Project

Efficient Capturing, Coding and Streaming for Immersive Applications

Code
3E001820
Duration
01 October 2020 → 30 September 2023
Funding
Research Foundation - Flanders (FWO)
Research disciplines
  • Natural sciences
    • Information technologies
    • Virtual reality and related simulation
  • Engineering and technology
    • Wireless communications
    • Multimedia processing not elsewhere classified
    • Modelling and simulation
Keywords
Holographic-type communication Immersive applications Content encoding Video streaming Network protocols
 
Project description

Since long, people have envisioned a realistic, virtual recreation of remote scenes, in which they can interact with the environment and with each other as if they were on site.
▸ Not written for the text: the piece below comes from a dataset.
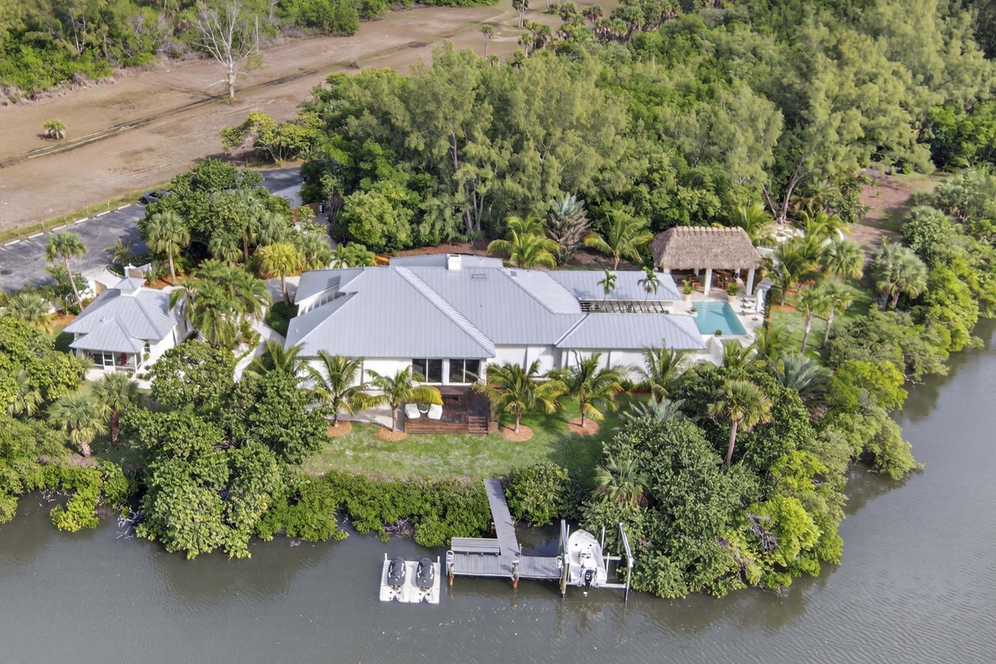An exceptional riverfront sanctuary awaits on over six acres with more than 400 feet of water frontage, surrounded by Jack Island State Park. This distinguished estate captures the essence of Florida's Treasure Coast with sweeping Indian River Lagoon vistas, private boat access, and direct connection to pristine Jack Island Preserve's four-mile nature trails. The thoughtfully designed main residence and private guest house deliver refined waterfront living with panoramic preserve and river views from nearly every room. Multiple outdoor living spaces, private pool, and extensive dock facilities create an unparalleled setting for both intimate gatherings and grand-scale entertaining. The property's rare positioning adjacent to protected state parkland ensures perpetual privacy and natural beauty, while proximity to both Vero Beach and the Fort Pierce Inlet provides immediate ocean access. Championship golf, waterfront dining, and cultural attractions lie minutes away, yet this gated retreat remains a world apart—offering discerning buyers an irreplaceable combination of seclusion, natural splendor, and effortless coastal elegance. Property and opportunity details provided by seller or others; buyer to verify.
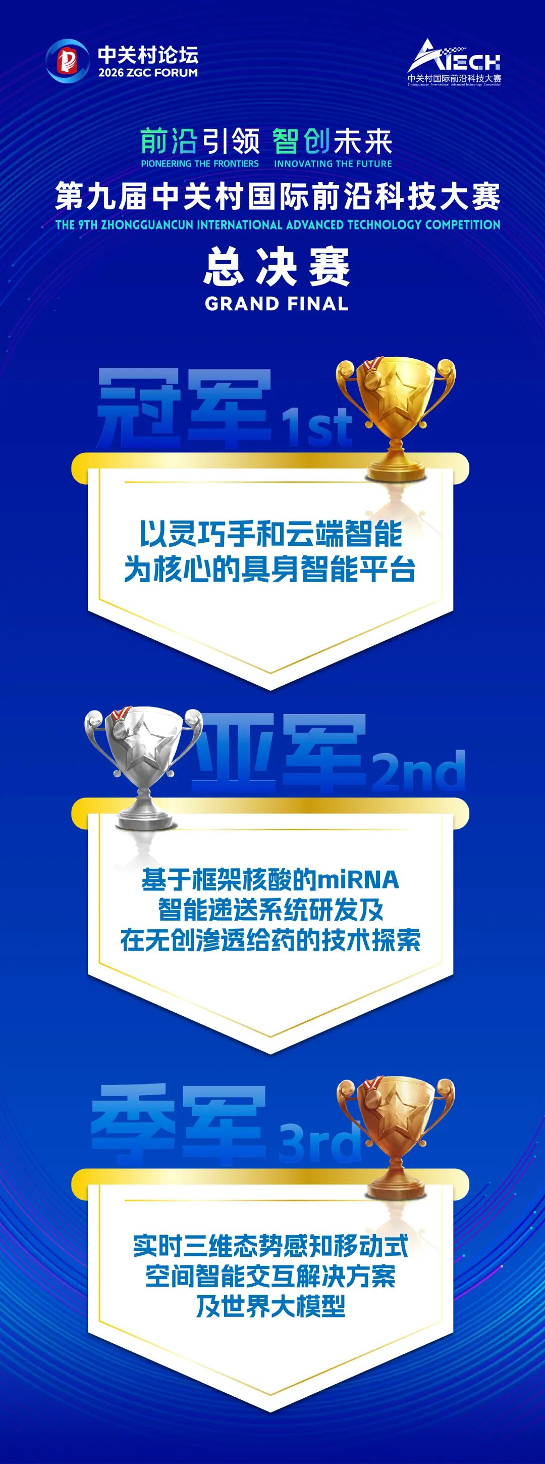 3月26日,2026中关村论坛年会——第九届中关村国际前沿科技大赛总决赛在中关村国际技术交易中心举办。经过现场路演和专家评委即时打分,本届大赛冠军、亚军和季军产生,分别是以灵巧手和云端智能为核心的具身智能平台、基于框架核酸的miRNA智能递送系统研发及在无创渗透给药的技术探索、实时三维态势感知移动式空间智能交互解决方案及世界大模型。

Recent technological advancements have made it possible to capture the three-dimensional world with e.g., visual cameras, light field setups and LIDAR. Using these devices, first research efforts have been made to enable the users to both move their head and change their position within a virtual scene. Because interaction with the content becomes more crucial, requirements in terms of latency and bandwidth are strongly increased. This, in turn, makes it difficult to maintain the user experience with state-of-the-art solutions. Because the 5G paradigm envisions bandwidths in the order of Gb/s and latency bounded by the speed of light, coping with these requirements becomes a question of processing rather than physical transmission. This project aims to tackle this challenge by means of two complementary research lines. First, this project will investigate how three-dimensional objects can be efficiently captured, encoded and processed, using data culling and network orchestration techniques. Second, the project will research networking protocols and solutions to efficiently stream the content to the end user, thus optimizing the user experience and reducing the latency within the end-to-end system. The proposed approaches will be evaluated through objective measurements and subjective experimentation.